[WORK REQUIRED]
Reproduce exactly, and only, the lines of the material below running from the line bearing "지중해의 에메랄드 빛" through the line bearing "জয়ের জন্য ভারতকে". Leave any pictures out.

[THE DATA]
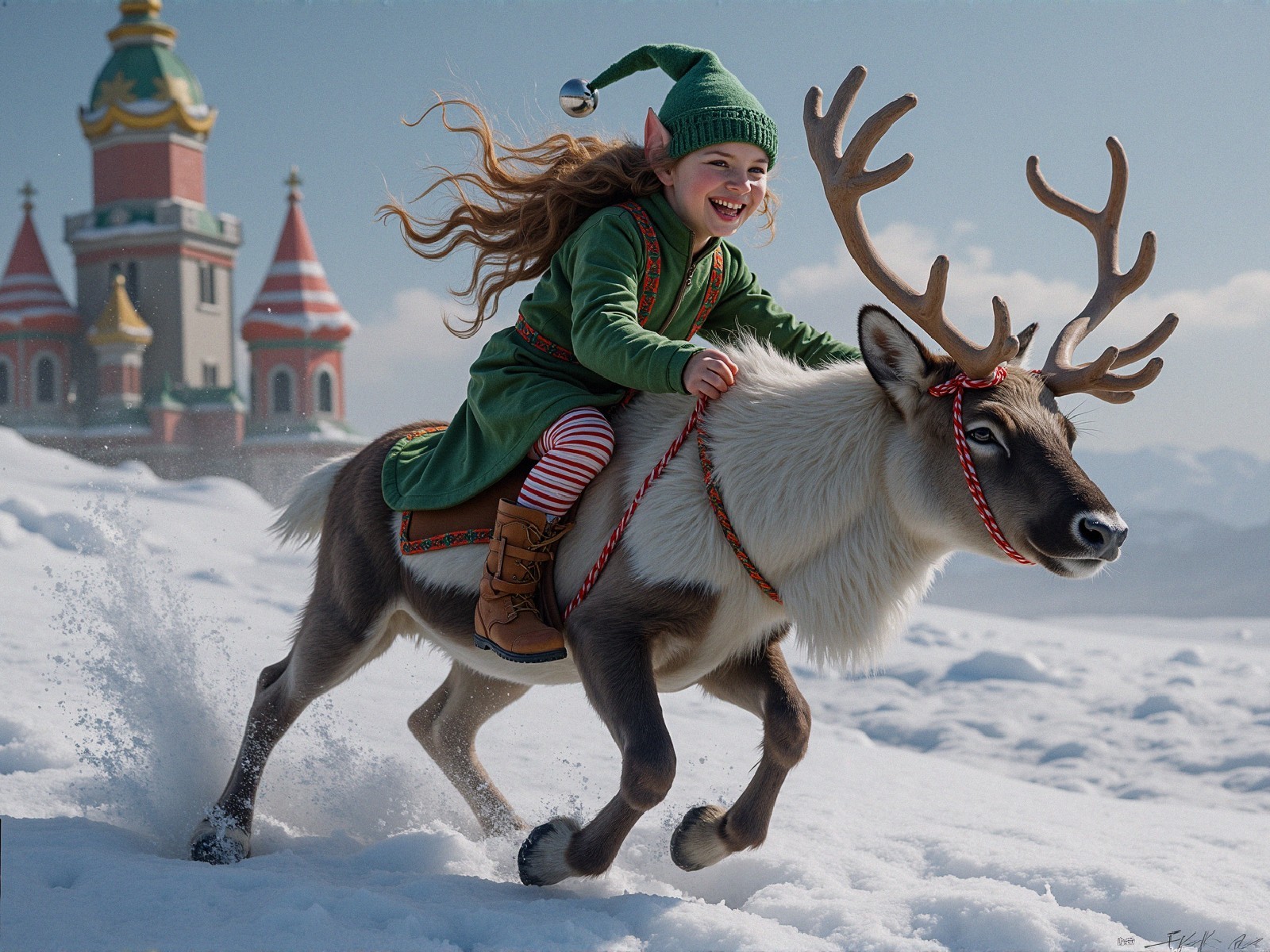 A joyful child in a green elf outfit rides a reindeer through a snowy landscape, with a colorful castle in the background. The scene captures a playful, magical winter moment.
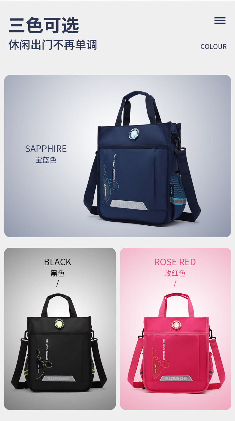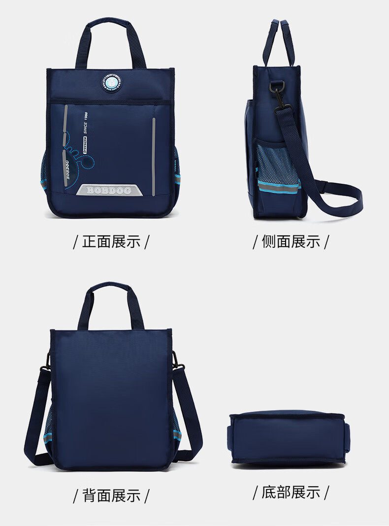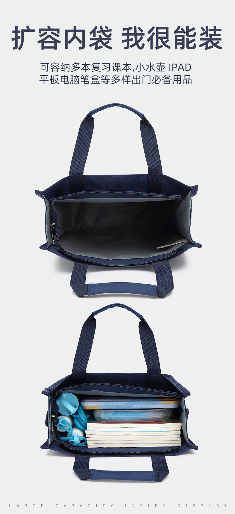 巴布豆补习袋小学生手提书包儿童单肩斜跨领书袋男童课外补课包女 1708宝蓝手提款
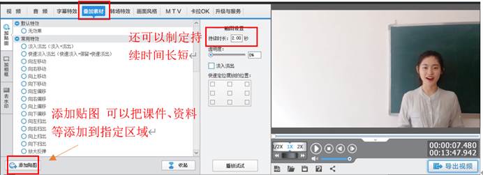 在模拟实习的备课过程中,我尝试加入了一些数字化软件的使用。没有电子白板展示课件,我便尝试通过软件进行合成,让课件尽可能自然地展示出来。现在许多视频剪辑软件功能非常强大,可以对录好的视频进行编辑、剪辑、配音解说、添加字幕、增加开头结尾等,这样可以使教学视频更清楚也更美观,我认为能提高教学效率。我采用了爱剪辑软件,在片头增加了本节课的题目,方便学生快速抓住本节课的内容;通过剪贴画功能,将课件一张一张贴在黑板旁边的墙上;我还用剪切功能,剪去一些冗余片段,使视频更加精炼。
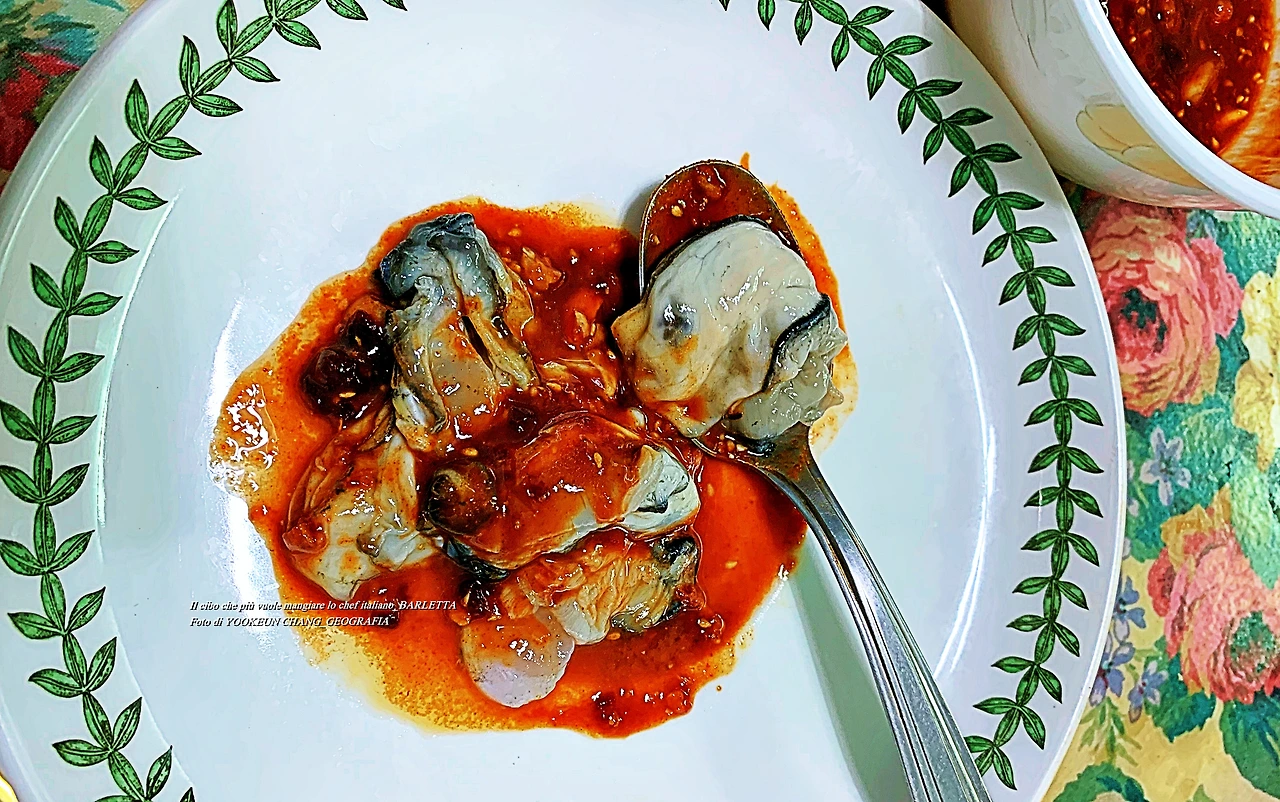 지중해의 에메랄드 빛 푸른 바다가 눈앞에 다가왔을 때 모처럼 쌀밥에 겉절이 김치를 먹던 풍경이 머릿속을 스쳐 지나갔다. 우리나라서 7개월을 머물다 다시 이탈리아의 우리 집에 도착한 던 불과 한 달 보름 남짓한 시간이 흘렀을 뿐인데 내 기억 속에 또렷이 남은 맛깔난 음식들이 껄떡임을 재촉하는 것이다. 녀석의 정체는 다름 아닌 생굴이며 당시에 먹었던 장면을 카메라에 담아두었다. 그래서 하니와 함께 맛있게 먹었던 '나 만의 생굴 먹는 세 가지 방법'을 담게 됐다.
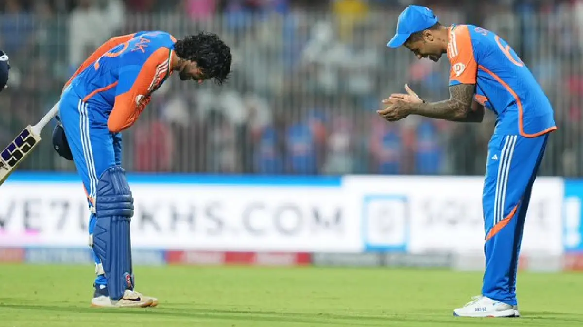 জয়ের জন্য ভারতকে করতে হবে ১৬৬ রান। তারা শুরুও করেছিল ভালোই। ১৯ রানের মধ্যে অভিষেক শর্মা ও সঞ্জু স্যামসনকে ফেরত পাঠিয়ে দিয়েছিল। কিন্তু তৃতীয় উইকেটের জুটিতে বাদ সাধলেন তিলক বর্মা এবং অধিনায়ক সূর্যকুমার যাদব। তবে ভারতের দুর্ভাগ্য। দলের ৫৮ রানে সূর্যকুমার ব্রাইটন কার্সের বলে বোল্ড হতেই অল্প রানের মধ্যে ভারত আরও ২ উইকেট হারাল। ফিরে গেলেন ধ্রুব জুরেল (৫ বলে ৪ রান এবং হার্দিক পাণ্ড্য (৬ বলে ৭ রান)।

---

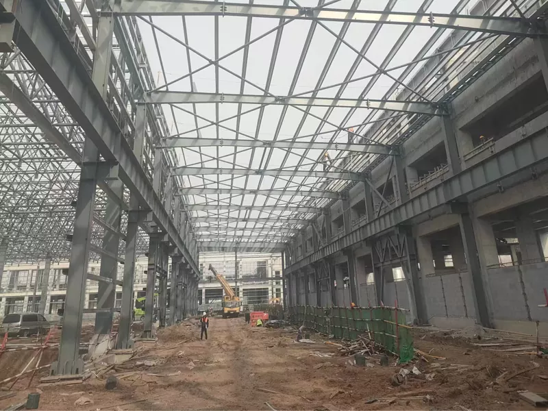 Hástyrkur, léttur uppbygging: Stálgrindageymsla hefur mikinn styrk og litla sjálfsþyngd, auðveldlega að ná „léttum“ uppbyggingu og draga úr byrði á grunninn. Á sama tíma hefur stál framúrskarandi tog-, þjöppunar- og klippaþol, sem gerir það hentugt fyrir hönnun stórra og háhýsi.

[SOLUTION FOR THIS EXERCISE]
 지중해의 에메랄드 빛 푸른 바다가 눈앞에 다가왔을 때 모처럼 쌀밥에 겉절이 김치를 먹던 풍경이 머릿속을 스쳐 지나갔다. 우리나라서 7개월을 머물다 다시 이탈리아의 우리 집에 도착한 던 불과 한 달 보름 남짓한 시간이 흘렀을 뿐인데 내 기억 속에 또렷이 남은 맛깔난 음식들이 껄떡임을 재촉하는 것이다. 녀석의 정체는 다름 아닌 생굴이며 당시에 먹었던 장면을 카메라에 담아두었다. 그래서 하니와 함께 맛있게 먹었던 '나 만의 생굴 먹는 세 가지 방법'을 담게 됐다.
 জয়ের জন্য ভারতকে করতে হবে ১৬৬ রান। তারা শুরুও করেছিল ভালোই। ১৯ রানের মধ্যে অভিষেক শর্মা ও সঞ্জু স্যামসনকে ফেরত পাঠিয়ে দিয়েছিল। কিন্তু তৃতীয় উইকেটের জুটিতে বাদ সাধলেন তিলক বর্মা এবং অধিনায়ক সূর্যকুমার যাদব। তবে ভারতের দুর্ভাগ্য। দলের ৫৮ রানে সূর্যকুমার ব্রাইটন কার্সের বলে বোল্ড হতেই অল্প রানের মধ্যে ভারত আরও ২ উইকেট হারাল। ফিরে গেলেন ধ্রুব জুরেল (৫ বলে ৪ রান এবং হার্দিক পাণ্ড্য (৬ বলে ৭ রান)।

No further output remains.